The case was bought by seven survivors of torture who had been detained in the UK, including victims of sexual and physical abuse, trafficking, sexual exploitation, homophobic attacks and a child abused by loan sharks.
One of the claimants, a young man kidnapped and beaten with knives, sticks and a gun by the Taliban because he refused to be groomed into joining them, was told by the Home Office that his case did not meet the new definition of torture.
Apparently, Theresa May’s government‘s new definition of torture is: ‘It’s only torture if it is done by a government which is at odds with BP, Shell, or another British multinational corporation‘ [sarcasm off].

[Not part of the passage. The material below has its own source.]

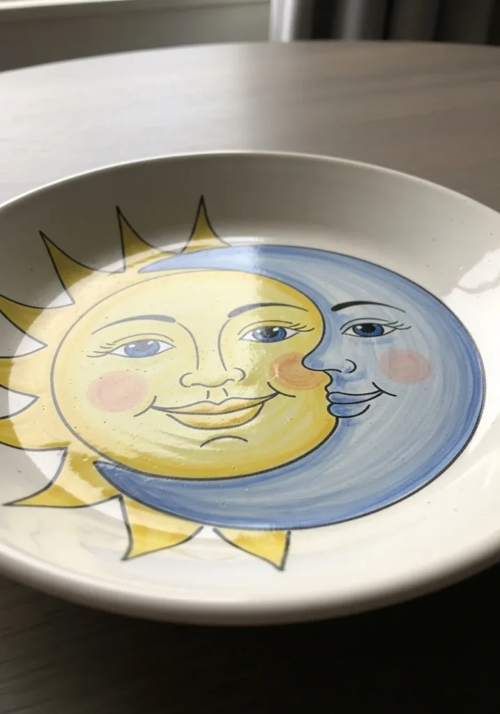 This charming plate showcases a whimsical sun and moon face design, painted in warm yellows and soft blues. The expressions feel dreamy and gentle, with subtle shading that adds depth without overpowering the plate. The smooth glaze brings everything together with a polished finish.

Another claimant, a Nepalese man who was beaten, cut and shot at by a terrorist group in his home country, in an ordeal lasting 15 days, was also told that his experiences do not meet the new definition of torture.
The ruling comes up after campaigners accused the Government of adopting an unreasonably narrow definition of torture in policy changes made last September, in which it sought to apply a United Nations political document drafted to prevent the perpetration of torture worldwide to a purely medical assessment.
The Home Office subsequently advised medical practitioners assessing individuals’ vulnerability to harm in detention that torture inflicted by non-state actors must not be considered torture in their examinations.
Judge Ouseley told the Home Office unambiguously that their new policy was “unlawful and their actions upon it too were unlawful”, saying the new policy had “no rational or evidence base”.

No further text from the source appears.